昌平坂メディカルリサーチフォーラム(MRFS)について

(Medical Research Forum in Sho-hei zaka)

政治・経済に限らず、医療・教育・研究の場面でも制度疲労が起きております。 臨床の分野での制度疲労は、これまでの個人的経験や権威に頼った医療の否定という形で、 あるいは、Evidence Based Medicineという言葉の野火のごとき広がりという形で現れました。 しかし、言葉のみでなくEBMの概念が正しく普及するにつれ、 この基礎となるエビデンスを生み出す基盤がわが国では脆弱であることがようやく誰の目にも明らかになってきました。 臨床研究の基盤とは、巨大な研究棟でも、最新鋭の測定機器でもスーパーコンピュータでもありません。 法的基盤と研究費を別にすれば、信頼性の高い研究データを効率的に生み出すシステムとそのシステムを支える人材に他なりません。
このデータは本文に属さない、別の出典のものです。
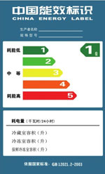 能效标识又称能源效率标识,粘附在耗能产品或其最小包装物外壳上,表示产品的生产者、型号、能效等级等指标的一种信息标签,以引导和帮助用户和消费者选购高能效节能产品。能效标识分为5个等级:等级1表示产品达到国际先进水平,最节电,耗能最低;等级2表示比较节电;等级3表示产品的能源效率为我国市场的平均水平;等级4表示产品能源效率低于市场平均水平;等级5是市场准入指标,低于该等级要求的产品不允许生产和销售。
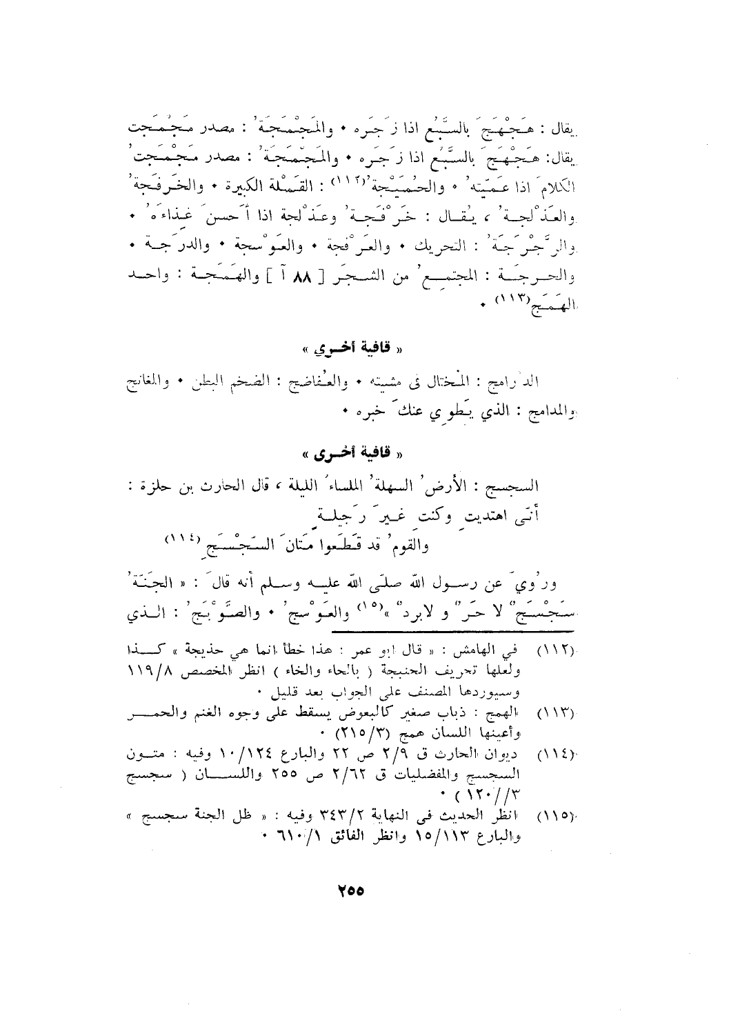 يقال: هجهج بالسبع إذا زجره. والمجمجة: مصدر مجمجت يقال: هجهج بالسبع إذا زجره. والمجمجة: مصدر مجمجت الكلام إذا عميته. والحميجة: القملة الكبيرة. والخرفجة والعذلجة، يقال: خرفجة وعذلجة إذا أحسن غذاءه.

この小さなフォーラムは、臨床研究の基盤整備を共通の目的とした三つの事業体 − NPO日本臨床研究支援ユニット、NPO日本医薬品安全性研究ユニット、 財団法人パブリックヘルスリサーチセンター・乳がん臨床研究支援事業 − から始まりました。 いずれも、東京大学医学系研究科・医学部(薬剤疫学寄付講座および生物統計学/疫学・予防保健学)の教官を中心に運営され、 近い将来は、いずれも東京大学附属病院に設置されている臨床試験部、 大学病院医療情報ネットワーク(通称UMIN)との連携も視野に入れております。

昌平坂学問所は、幕府官学の中心として、廟に安置された学問の権威・孔子が民・学徒を睥睨する形で始められました。 我々は逆に、坂を下から上に臨みつつ足下を固めながら臨床研究に貢献したいと考えております。